Background information
- Born: Jeronimas Milius 11 October 1984 (age 41) Vilnius, Lithuania
- Genres: Heavy metal, Power metal
- Occupations: Singer, songwriter
- Instrument: Vocals
- Years active: 2003–present

= Jeronimas Milius =

Lithuanian singer

Jeronimas Milius (born 11 October 1984 in Vilnius, Lithuania) is a Lithuanian singer.

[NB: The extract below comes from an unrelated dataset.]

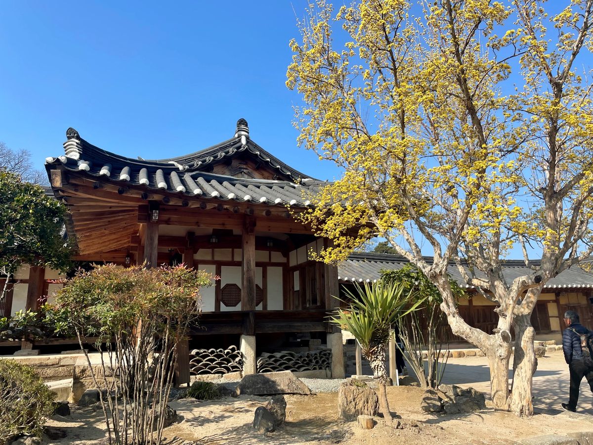 石窟庵は花崗岩でできた石仏が美しくて、いつまでも見ていたかったほどでした。仏国寺も美しい建築で、新羅時代の石を扱う技術の高さが良く分かり、ガイドさんの知識の深さ広さに感心しました。国立慶州博物館では1時間堪能し、天馬塚、校洞村、皇理団は見学時間は短かったですが楽しく回れました。桜の開花は釜山ほどではありませんでしたが、モクレンやレンギョウがあちこちで見られて癒され、参加者が少なかった事とガイドさんの気配りのおかげで快適なツアーになりました。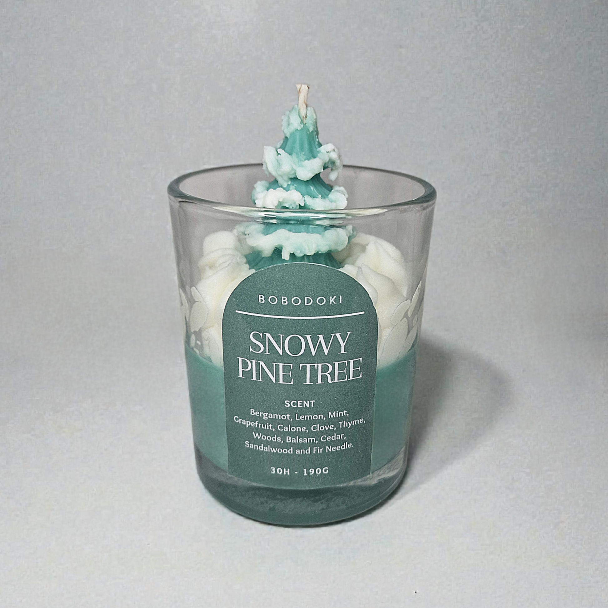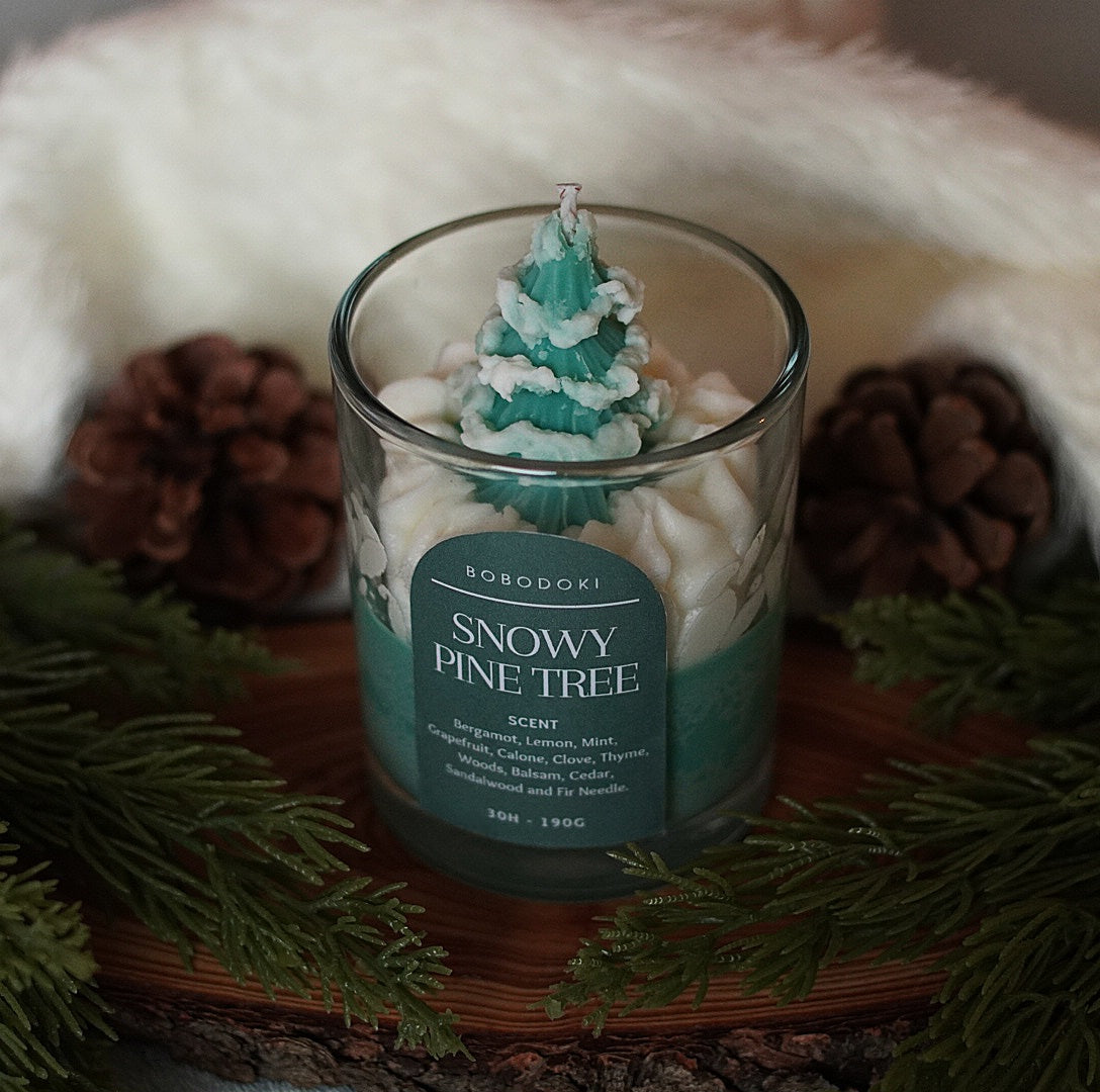 Þetta kerti er handsteypt, skreytt með snæviþakinni furu og handsprautuðu hvítu snjóvaxi, og lítur út eins og smækkað vetrarlandslag.

Since 2003, he has been the leader of the heavy/power metal band Soul Stealer (formerly Soul Brothers).

==Career==
Milius was elected to represent his country in the Eurovision Song Contest 2008 on 2 February 2008, collecting 11674 votes, leaving Aistė Pilvelytė with Troy on Fire close behind, whose backing vocalist he was in the national final for Eurovision Song Contest 2006. With his opera-like rock ballad "Nomads in the Night", he didn't make it to the final, ending his performance in the semi-final.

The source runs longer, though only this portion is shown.